Alan Milburn has warned that the proportion of young people not in education, employment, or training (Neet) could rise to one in six within five years, as he cautioned that detachment from the labour market is becoming permanent for many.
Milburn's Warning on Youth Detachment
Speaking about the issue, Milburn said he believed every young person has something to offer. When Pat McFadden first asked him to undertake this work, he came with the view that every young person has scale and aptitude of potential. Every one of them should have an opportunity to learn or to earn. He noted that youth unemployment has been a persistent problem for a long time.
The Neet Crisis
Milburn highlighted that the Neet rate in the UK has barely been below 10% in 25 years. He stated: "It’s one thing to be ignorant about a problem. It’s quite another to be neglectful. And I’m sad to say that for far too long in our country, the Neet crisis has been swept under the carpet. Not any longer." This review exists because Britain faces a genuine generational faultline. However, the problem was getting worse, he said.

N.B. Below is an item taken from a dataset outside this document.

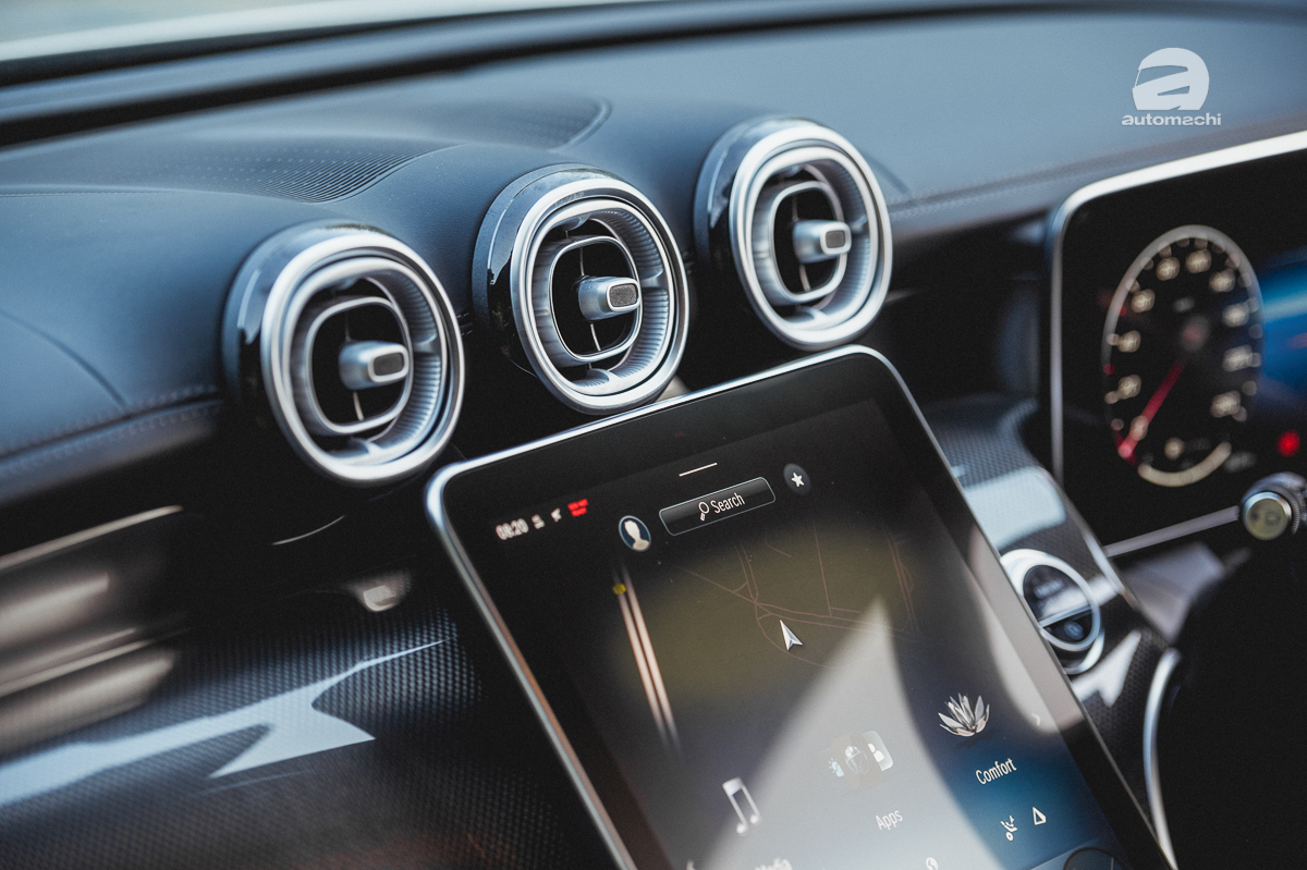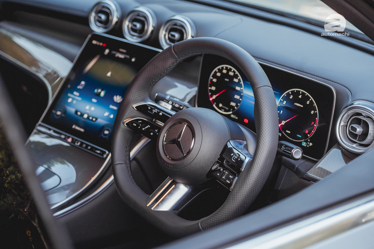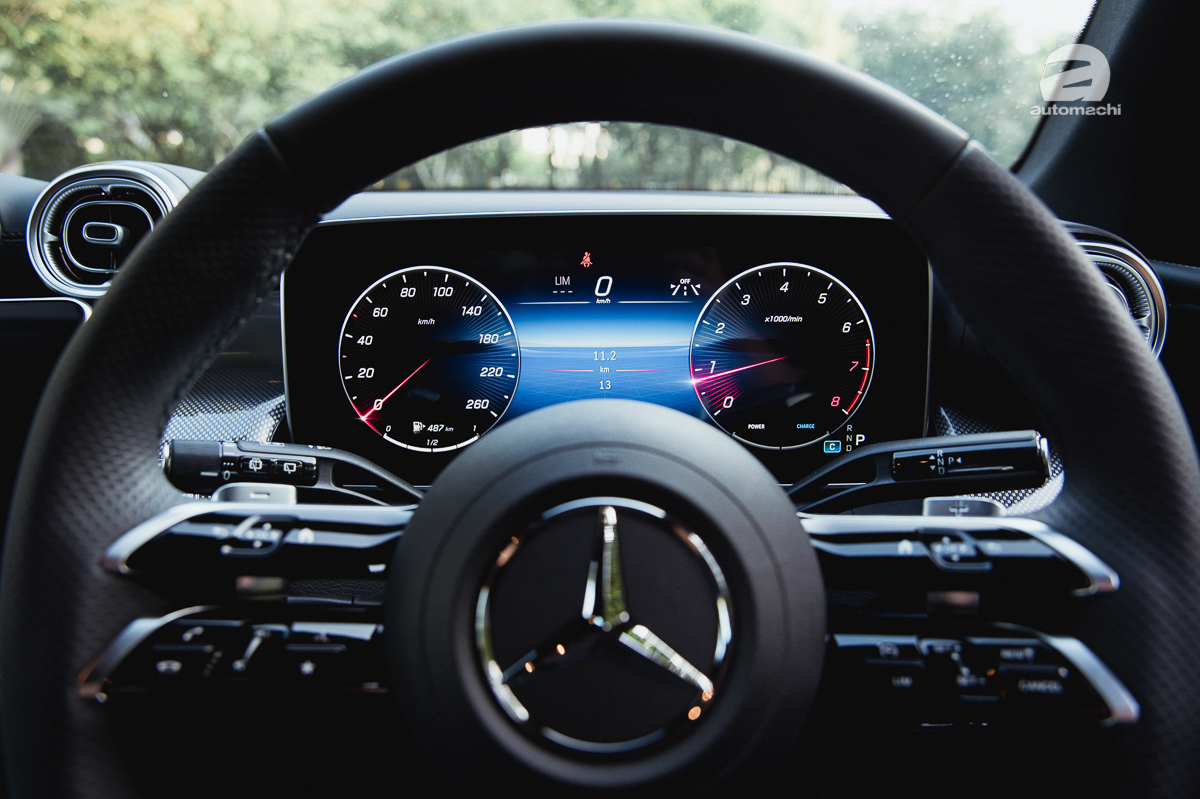 来到内饰,这款车用上了原厂最新的家族设计语言,包括了 12.3 寸全液晶仪表和 11.9 寸 MBUX 触屏主机,可以支援 Apple CarPlay 和 Android Auto,另外它还有原厂著名的 64 色氛围灯设计,晚上开车氛围感十足,同时它的 AMG Line 方向盘和 Paddle Shift 换挡拨片可以带给你更出色的驾驶乐趣,其余配置像是手机无线充电面板、Burmester 3D 高级环绕音响、MBUX AR 导航功能都能在这款车上看到。

Milburn emphasized: "We do not just have a chronic problem, it is getting worse, not getting better. And we have neither a system nor a plan to deal with it." He explained that a decade or more ago, the problem was temporary youth unemployment. While youth unemployment today is still far too high, it is now something deeper and far more corrosive: youth detachment from the labour market.
Key Statistics
- Nearly six in 10 young people who are Neet today are economically inactive, meaning they are not looking for a job.
- Six in 10 have never had a job, compared to four in 10 twenty years ago.
- If the current trajectory continues, the Neet rate will climb from one in eight to one in six within five years.
Milburn concluded: "Detachment is no longer temporary for too many young people, it is becoming permanent. We are at risk of a lost generation."